(Exercise) Exact copy, pictures excluded: output the lines from the opening of the entries through the line bearing "- datum onbekend.".

(Records provided)

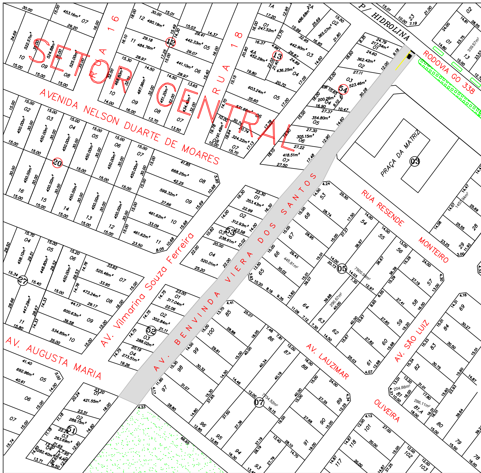
02 MAPA ILUMINADO - CENTRO SEM ESCALA
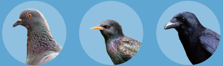
ハト・ムクドリ・カラスなどが嫌がる超音波
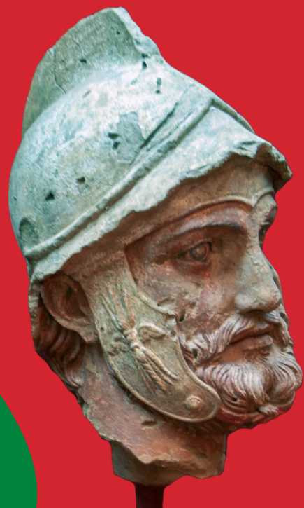
Stara Nica, wojownik w hełmie, czasy partyjskie
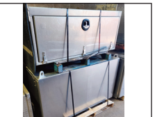
(NEUF/NEW) plusieurs coffres Stainless 36", 48" & 60"
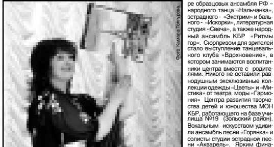
В Государственном концертном зале в этот вечер, что называется, яблоку негде было упасть: зрители, преимущественно молодые, заполнили все места. И им было не так посмотреть. Одинадцать лучших коллективов центра, а это около трехсот артистов, демонстрировали искусство танца, пения, декламации. Мастерством блистали чте-

Так назывался отчетный концерт творческих коллективов Центра развития творчества детей и юношества МОН КБР, приуроченный к Международному Дню защиты детей и прошедший в рамках Года семьи.
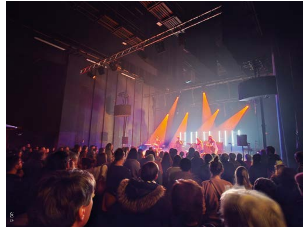
Vous étiez plus de 500 à participer à cette soirée rock co-organisée avec Le Bruit qui Tourne.

En couverture: The Brutalist De Brady Corbet
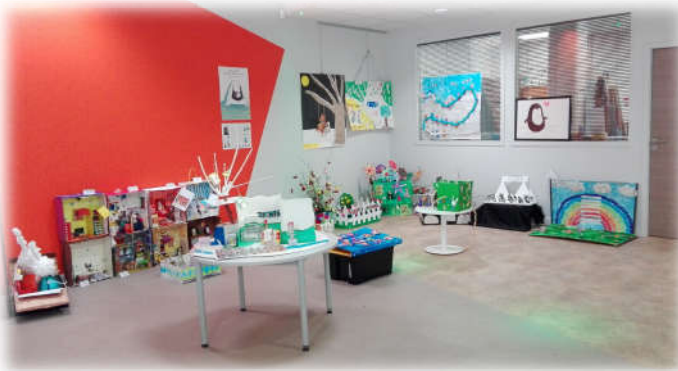
Exposition à la bibliothèque de Fontaine d'Ouche.
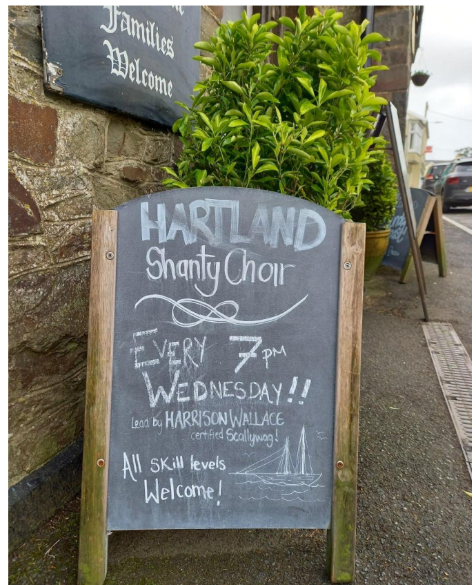
Ein Aufsteller vor dem Pub wirbt für den Shanty-Chor mit Harrison Wallace.
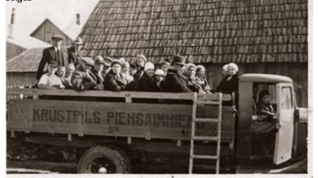
A/S „Krustpils piensaimnieku sabiedrība” darbinieki. 20. gs. 30. gadu beigās
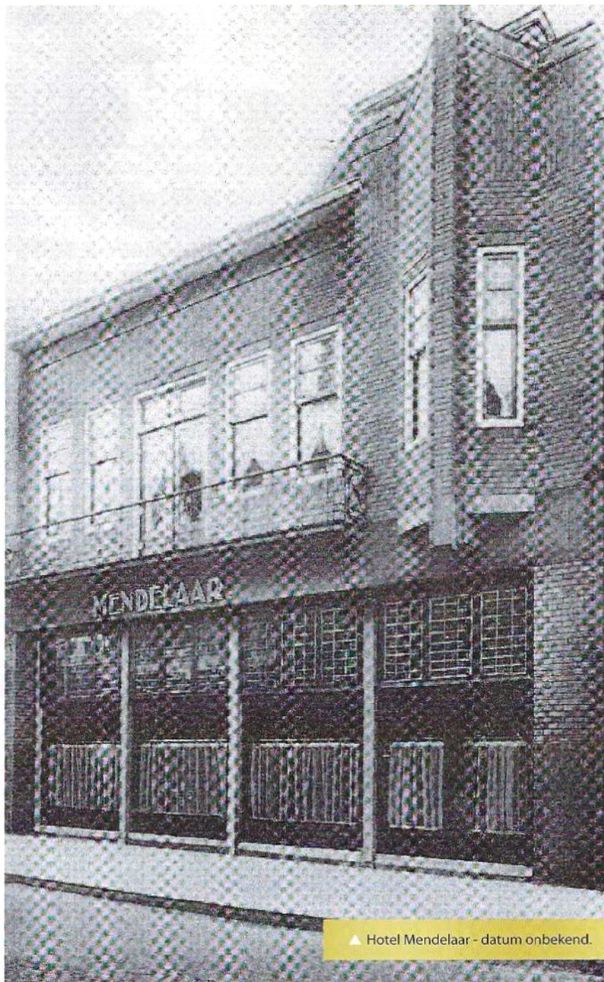
▲ Hotel Mendelaar - datum onbekend.

Een van de spelers is Wim Weerkamp, inmiddels 81 jaar, en hij weet het zich nog goed te herinneren. 'Mendelaar is bij mij wel bekend, ja, ik was zeventien toen ik in het eerste elftal kwam. We hadden daar zaterdags tegen half zes altijd een ontmoeting met het elftal om de strategie te bespreken voor de wedstrijd die we de volgende dag zouden spelen. Het was er altijd buitengewoon gezellig en er werd niet alleen water gedronken. Er tegenover was de cafetaria van Roelofs waar na die tijd de nodige patatjes en andere etenswaren naar binnen werden gewerkt.' Henk Schunselaar is dan een paar jaar jonger, hij schat zelf dat hij vijftien, zestien is. 'Er waren natuurlijk ook oudere mannen bij. Rinus Vergeer had met mijn ouders afgesproken dat hij een beetje op me zou letten. Voor jongens van mijn leeftijd was het vooral gemakkelijk om midden in de binnenstad te zijn, want dat was toch de plek waar je op zaterdagavond wilde zijn. Ik herinner me namen als de gebroeders Wegdam en Roelofs, Jan Beckmann, Henk Krake. Later raakte ik bevriend met Paul Grijpma, die bekend zou worden van het NOS Journaal, »
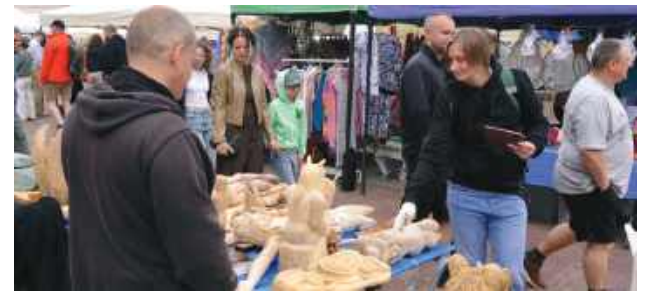
Nie zabrakło rękodzieła.
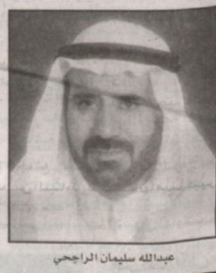
عبدالله سليمان الراجحي
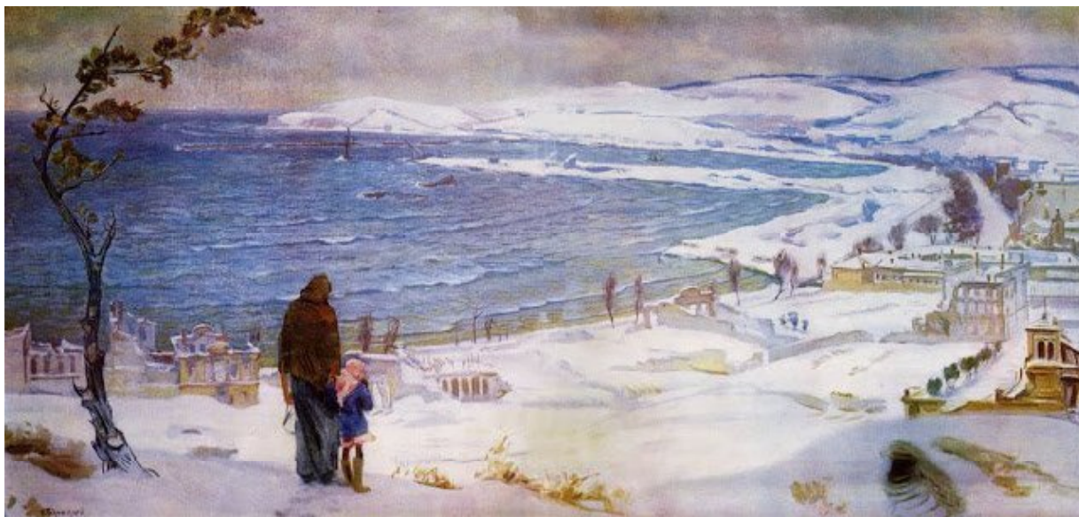
Н. Барсамов. Возвращение. 1946, х,м, 74x150 см
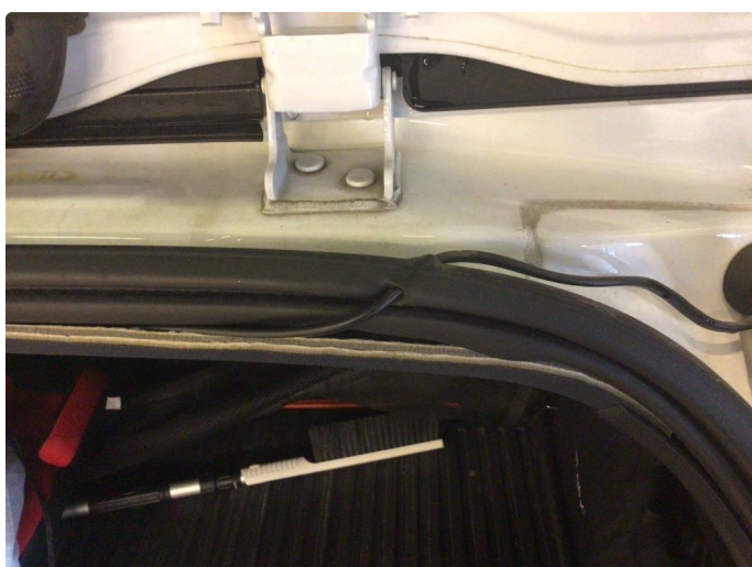
1.1 Løse/skadede lister
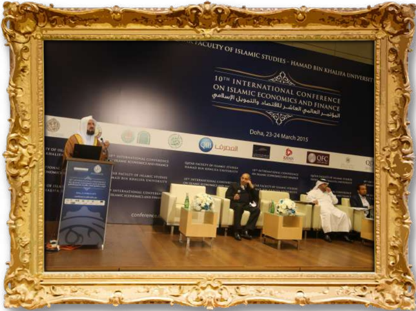
دكتور عملی لهكونگهرى ئابوورى لهولاتی قهتەر ۲۰۱۰ز
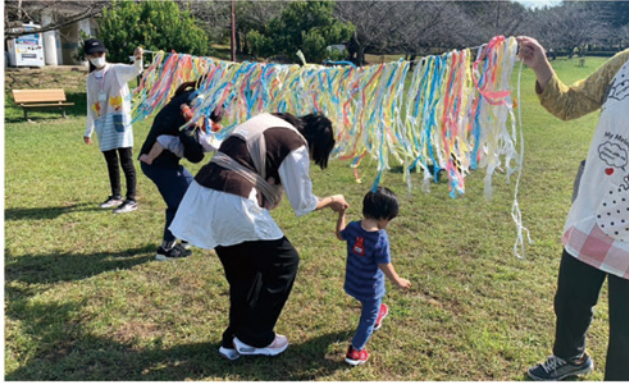
外遊び(運動会ごっこ)
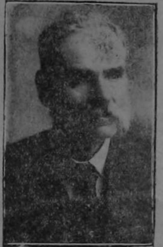
Don Domingo González Pérez

Ilustre hijo de Alajuela, ex-Presidente de la República, Benemérito de la patria.
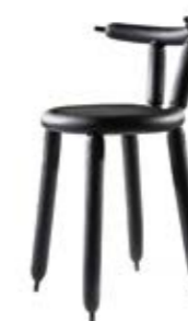
Carbon Balloon Chair 2013

In zijn ontwerpen combineert Wanders ambachtelijke techniek met een sterk gevoel voor verwondering en romantiek. Zijn Balloon chair is hiervan een treffend voorbeeld. Wanders kan 's werelds meest vooraanstaande merken tot zijn clientèle rekenen zoals Louis Vuitton, Alessi en diverse hotelketens. Zijn werk is opgenomen in museumcollecties waaronder die van het Centraal Museum, Centre Pompidou, Cooper-Hewitt National Design Museum, MoMA en Stedelijk Museum.
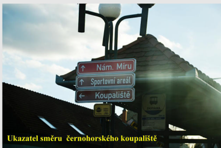
Ukazatel směru černoohorského koupaliště

Zajímavější ukazatel je směrovka u autobusové zastávky, informující: tímto směrem (doleva, pro návštěvníky přijíždějící např. z Rájce nebo z Blanska, kteří se již nabažili blanenského koupaliště) je koupaliště v Černé Hoře. Když se nad tím člověk zamyslí, je to zajímavá směrovka. Co asi tím chtěl zadavatel říct, když dnešní aktuální stav „koupaliště“ zná...Dále bez komentáře. Možná, že by nebylo od věci vyvěsit pod touto směrovkou návštěvní řád koupaliště (kopii lze vzít z webových stránek obce Černá Hora).
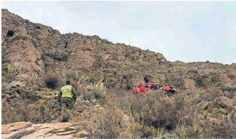
EL COPE DE CARABINEROS LOGRÓ RESCATAR LOS CUERPOS DE LOS DOS FALLECIDOS DESDE LA QUEBRADA.

atro personas que e dirigían a bordo e una camioneta la ruta 15 CH con a Villa Blanca, Colvolcaron la noche ércoles a la altura ómetro 71, entre iza y el sector de . hículo cayó a una da de 500 metros, o como resultado la e de un hombre y rjer. Otras dos perresultaron con dilesiones y fueron adas a recintos de e la región. ccidente ocurrió e las 22:00 horas, a densa neblina en , lo que también vertido por otros tores que transita el sector. íz del desbarranca-del vehículo, se in a los números de encia, llegando al Carabineros de la nisaría de Huara, ros de la comuna, s del apoyo de res del Cuerpo de ros de Pozo Al y ambulancias del

(Response box)
02 MAPA ILUMINADO - CENTRO SEM ESCALA
ハト・ムクドリ・カラスなどが嫌がる超音波
Stara Nica, wojownik w hełmie, czasy partyjskie
(NEUF/NEW) plusieurs coffres Stainless 36", 48" & 60"
В Государственном концертном зале в этот вечер, что называется, яблоку негде было упасть: зрители, преимущественно молодые, заполнили все места. И им было не так посмотреть. Одинадцать лучших коллективов центра, а это около трехсот артистов, демонстрировали искусство танца, пения, декламации. Мастерством блистали чте-

Так назывался отчетный концерт творческих коллективов Центра развития творчества детей и юношества МОН КБР, приуроченный к Международному Дню защиты детей и прошедший в рамках Года семьи.
Vous étiez plus de 500 à participer à cette soirée rock co-organisée avec Le Bruit qui Tourne.

En couverture: The Brutalist De Brady Corbet
Exposition à la bibliothèque de Fontaine d'Ouche.
Ein Aufsteller vor dem Pub wirbt für den Shanty-Chor mit Harrison Wallace.
A/S „Krustpils piensaimnieku sabiedrība” darbinieki. 20. gs. 30. gadu beigās
▲ Hotel Mendelaar - datum onbekend.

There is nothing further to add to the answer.